1. 当未在类中定义静态构造函数时，将在使用静态字段之前对其进行初始化.
2. 在类中定义静态构造函数时，将在使用静态字段之前或在实例创建之前(在实例创建之前)初始化静态字段.
3. 如果在静态方法内未访问任何静态字段，则调用该静态方法.仅当在该类中定义了静态构造函数时，才会初始化静态字段.
4. 如果可能的话，应该避免在类中使用静态构造函数.

推荐答案

1.-3.您无法确切知道它何时发生，因此不能依赖它.静态构造函数可以让您稍微控制一下在调用它时会发生什么.
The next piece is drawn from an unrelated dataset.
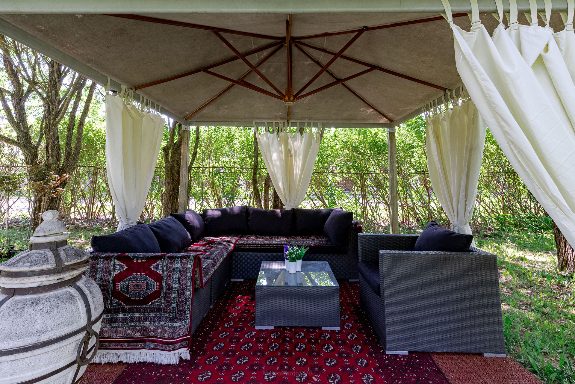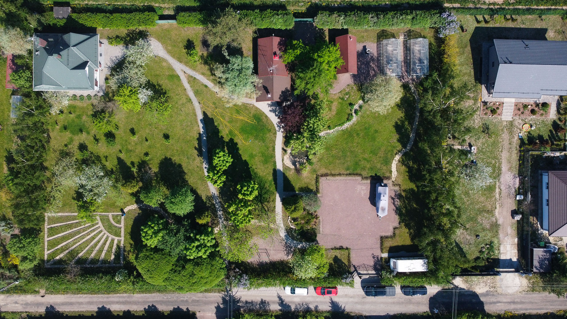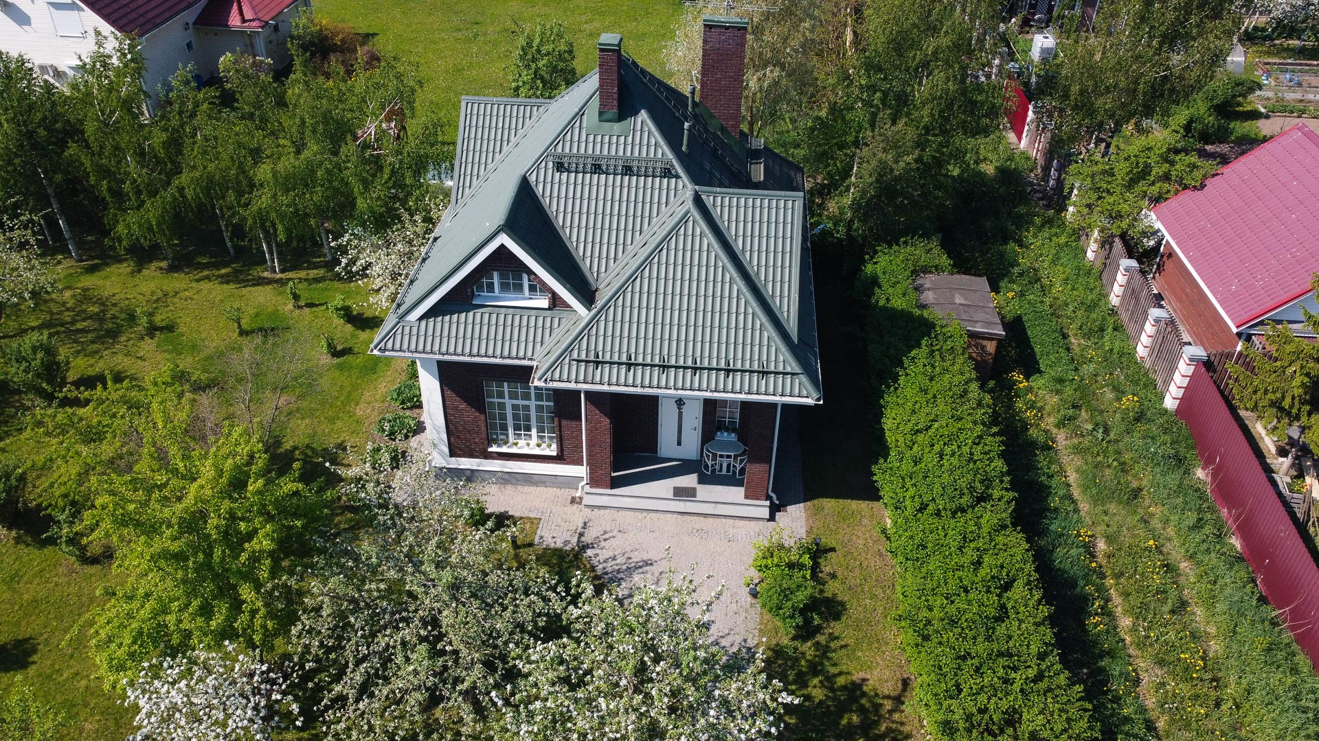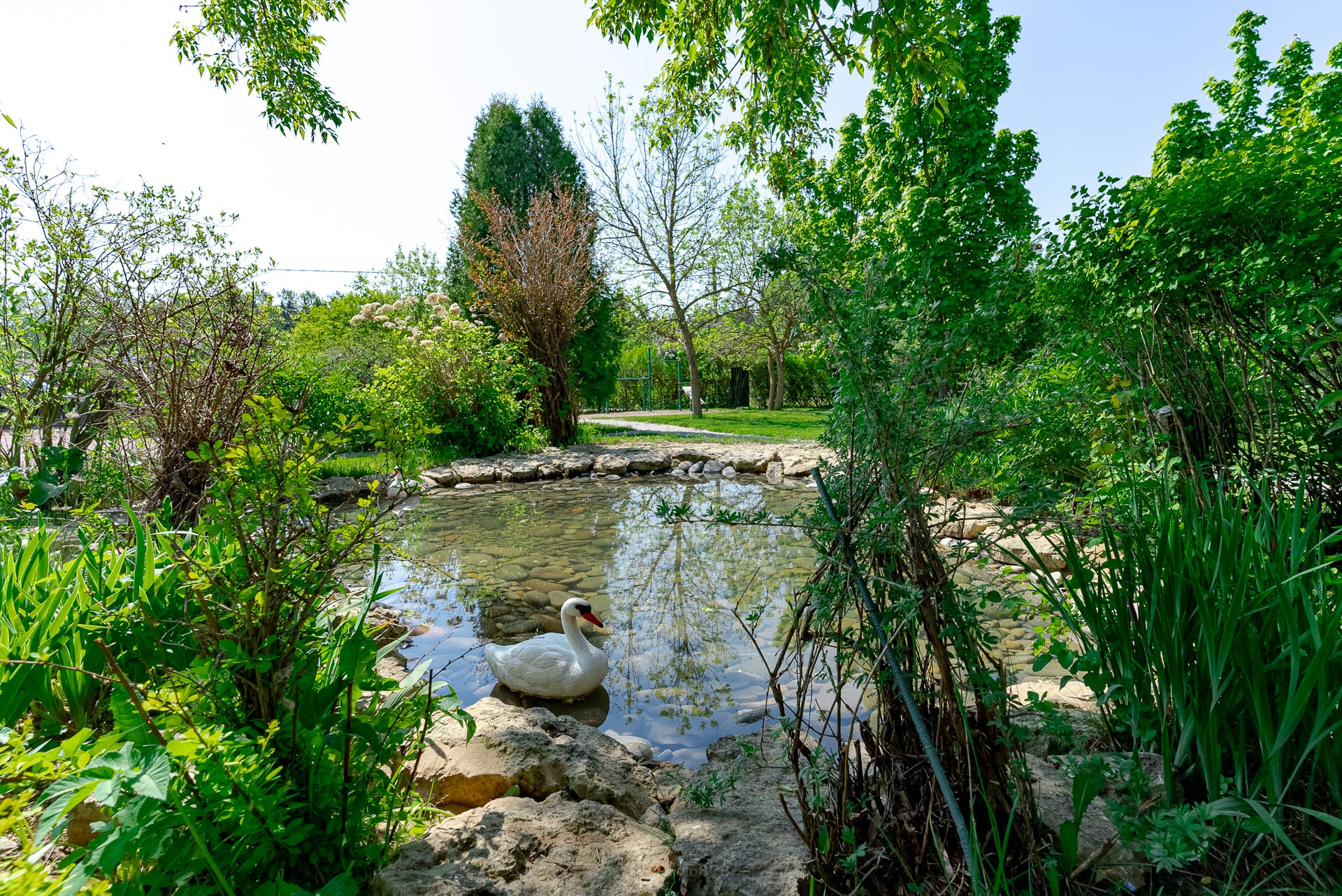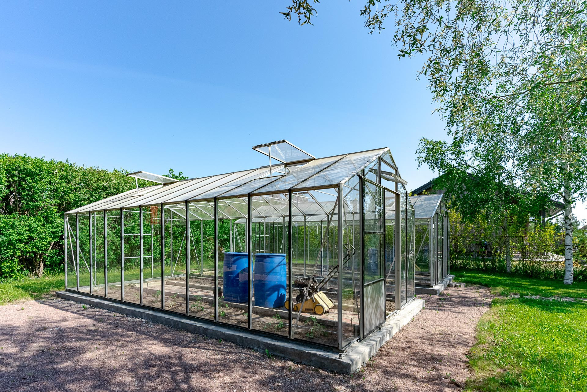 Ландшафтный дизайн участка также продуман: четкие формы клумб и газонов, мощеные дорожки, водоем, много плодоносящих деревьев. Дополнительные постройки: баня на дровах, зона барбекю, беседка, 2 стеклянные теплицы, хоз. постройка для хранения с погребом.

1.-3.You cannot exactly know when it happens and so you cannot depend on it. A static constructor will give you a little control what happens when it get called.

public class UtilityClass
{
  //
  // Resources
  //

  // r1 will be initialized by the static constructor
  static Resource1 r1 = null;

  // r2 will be initialized first, as static constructors are
  // invoked after the static variables are initialized
  static Resource2 r2 = new Resource2();

  static UtilityClass()
  {
    r1 = new Resource1();
  }

  static void f1(){}
  static void f2(){}
}

4.静态构造函数很慢

4.Static constructors are slow

静态构造函数执行的确切时间取决于实现，但是要遵循以下规则:

The exact timing of static constructor execution is implementation-dependent, but is subject to the following rules:

• 类的静态构造函数在的任何实例之前执行类已创建.
• 类的静态构造函数在任何静态之前执行该班的成员是
  引用.
• 类的静态构造函数在该类的静态字段初始化器(如果有)之后执行.
• 类的静态构造函数在执行期间最多执行一次单个程序实例.
• 两个之间的执行顺序两个的静态构造函数
  没有指定不同的类.

• The static constructor for a classexecutes before any instance of theclass is created.
• The static constructor for a classexecutes before any of the staticmembers for the class are
  referenced.
• The static constructor for a classexecutes after the static field initializers (if any) for the class.
• The static constructor for a classexecutes, at most, one time duringa single program instantiation.
• The order of execution between twostatic constructors of two
  different classes is not specified.

这篇关于静态变量初始化的文章就介绍到这了，希望我们推荐的答案对大家有所帮助，也希望大家多多支持！